──────── SOURCE DATA ────────
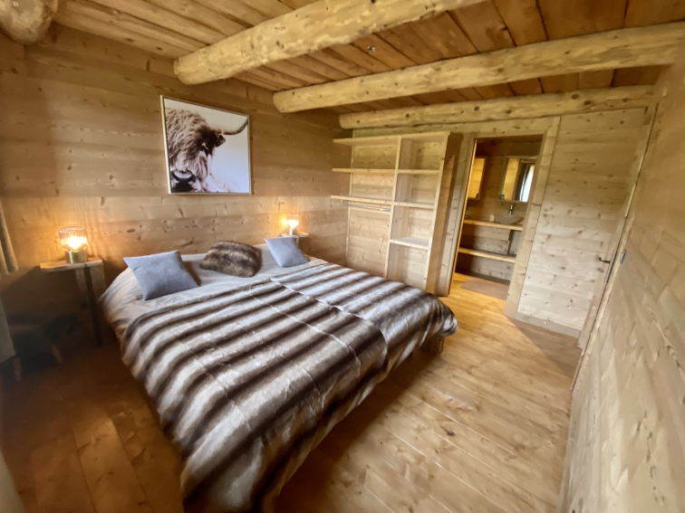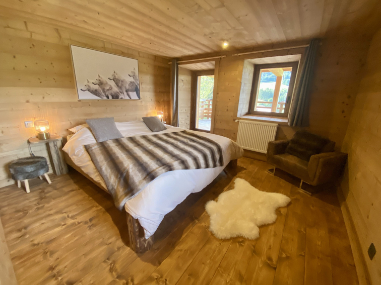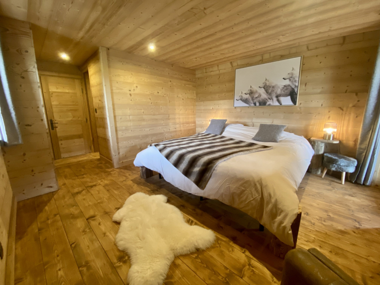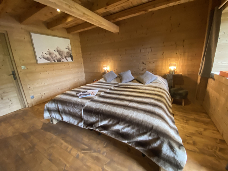 6 chambres spacieuses dont 1 chambre en mezzanine. Espaces de vie meublés dans l'esprit montagne -chic… poutres et boiseries anciennes, canapés, plaids en fourrure.
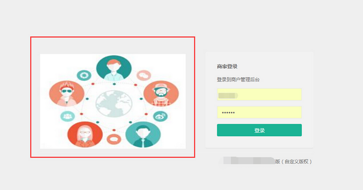 上傳的登錄頁(yè)面宣傳圖會(huì)在入駐的多商戶商家登錄頁(yè)面顯示,參見下圖:
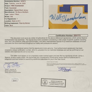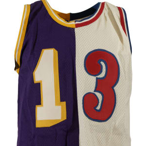 Wilt Chamberlain Los Angeles Lakers and Philadelphia Warriors/76ers split jersey signed by Chamberlain in blue marker along the numeral "3" on the reverse. The DeBacco Bros. jersey is in Near Mint condition overall. Full LOA from James Spence/JSA.
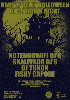 Festa de Halloween de l'Associació Musical Kanyapollet, amb DJs locals, concurs de disfresses, premis i ball a preus populars.
────────
ABOUT THIS TASK -
Only these lines belong in the answer: the first line of the listing above through the line holding "上傳的登錄頁(yè)面宣傳圖", printed exactly and without pictures.

PROBLEM SOLUTION -
 6 chambres spacieuses dont 1 chambre en mezzanine. Espaces de vie meublés dans l'esprit montagne -chic… poutres et boiseries anciennes, canapés, plaids en fourrure.
 上傳的登錄頁(yè)面宣傳圖會(huì)在入駐的多商戶商家登錄頁(yè)面顯示,參見下圖:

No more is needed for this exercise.